Government's small disadvantaged development plan aims to grow businesses

By Kari HawkinsOctober 13, 2017

Small Business 8(a)
(Photo Credit: U.S. Army) VIEW ORIGINAL

Assisting socially and economically disadvantaged small businesses with gaining a foothold in the government contracting business is the key to success for the federal government's 8(a) Business Development Plan.

And holding that key to success are the contract specialists and contracting officers who make the effort to do business with 8(a) small businesses.

"The program is designed to help 8(a) small businesses grow and thrive, said Carol Ann House, lead business opportunity specialist with the Alabama District Office of the Small Business Administration.

"We have so many eligible firms in Huntsville and throughout Alabama, and in rural areas in Alabama. Small businesses offer good jobs and this program impacts those jobs. I appreciate the work you do to continue this program. It makes a difference."
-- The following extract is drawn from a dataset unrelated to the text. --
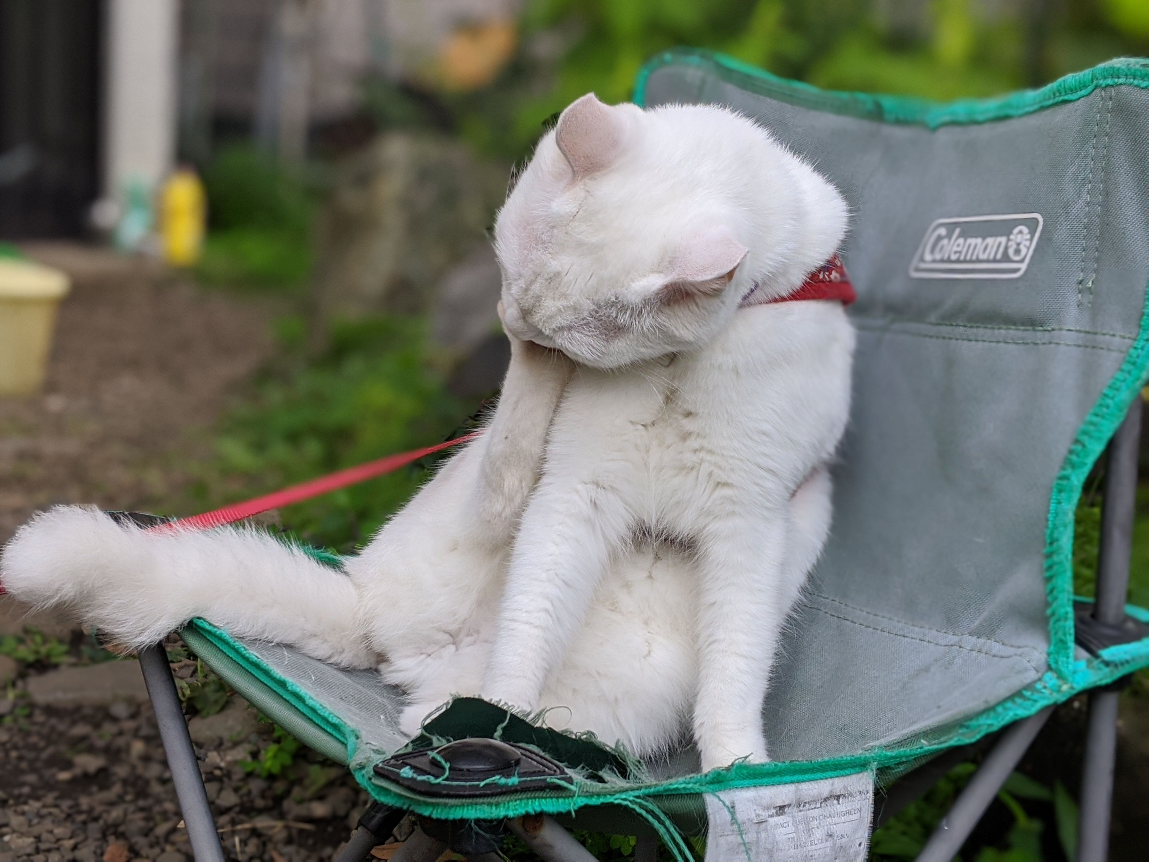 ハーネスについている紐が絡まったり、飽きてお家に入りたくなると鳴いて呼びます。

House's comments came during the first quarterly Small Business Lunch and Learn hosted by the Aviation and Missile Command's Office of Small Business Programs on Oct. 11. The purpose of the event was to provide learning opportunities for contracting employees working for the Army Contracting Command-Redstone.
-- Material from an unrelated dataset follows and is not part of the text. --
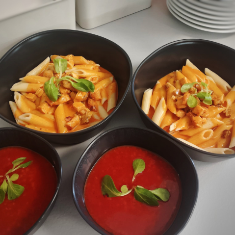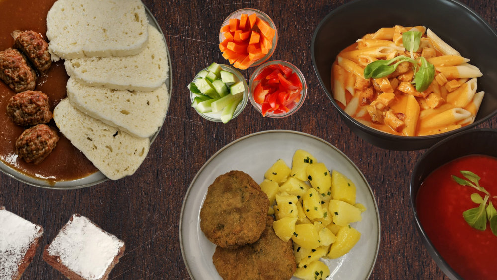 Součástí každého oběda je polévka. Na přání lze oběd doplnit také o nakrájené ovoce či zeleninu a domácí buchtu. Ukázku konkrétních jídel a realizací najdete také v naší nabídce pro příměstské tábory. Samozřejmostí jsou také vegetariánské či veganské varianty po předchozí domluvě.

The 8(a) Business Development Program involves small businesses that are owned and controlled at least 51 percent by socially and economically disadvantaged individuals, including Alaskan Native Americans, Tribal, Native Americans, Asian Pacific Americans and Subcontinent Asian Americans.
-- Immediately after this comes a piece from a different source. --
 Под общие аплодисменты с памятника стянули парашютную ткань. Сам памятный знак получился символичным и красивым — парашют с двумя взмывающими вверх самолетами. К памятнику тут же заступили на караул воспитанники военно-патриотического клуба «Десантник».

AMCOM is known for providing numerous opportunities to small businesses through the 8(a) program. In fiscal year 2017, the command, working with ACC-Redstone, awarded 929 contracting actions to Small Disadvantaged Businesses. Those actions represent 2.02 percent of AMCOM's small business obligations for fiscal year 2017 and $330 million in contracting dollars obligated, which positively impact small business obligations reported by the Army Materiel Command and the Department of the Army.

"We consistently meet our 8(a) small business goals," said Donna Ragucci, director of AMCOM's Office of Small Business Programs. "But we want to do better than just meeting our goals. We want to exceed our goals.

"Our Small Business Office has a database of vetted 8(a) companies that match the capabilities that AMCOM requires. We work to ensure the companies being considered have the capability the contract requires."

When contracting with an 8(a) company, the Small Business Administration is considered the prime contractor with the 8(a) firm considered as a subcontractor while AMCOM and ACC-Redstone are responsible for contract performance, House said. The intent to award a contract to an 8(a) company must be submitted in an offer letter to the Small Business Administration by the contracting officer.

House emphasized that offer letters must include information about the contract, including a description of the work to be performed, an estimated period of performance, the type of contract to be awarded, and any special restrictions or geographical limitations. The letter should also include contact information on other small business contractors who have performed on the requirements during the past 24 months and a list of all companies that have expressed an interest in being considered for the acquisition.

Subsequent letters of eligibility and sources request information about the 8(a) small business being considered for the contract and additional information about the contract requirements.

The information required is essential to ensure that 8(a) regulations are followed, House said.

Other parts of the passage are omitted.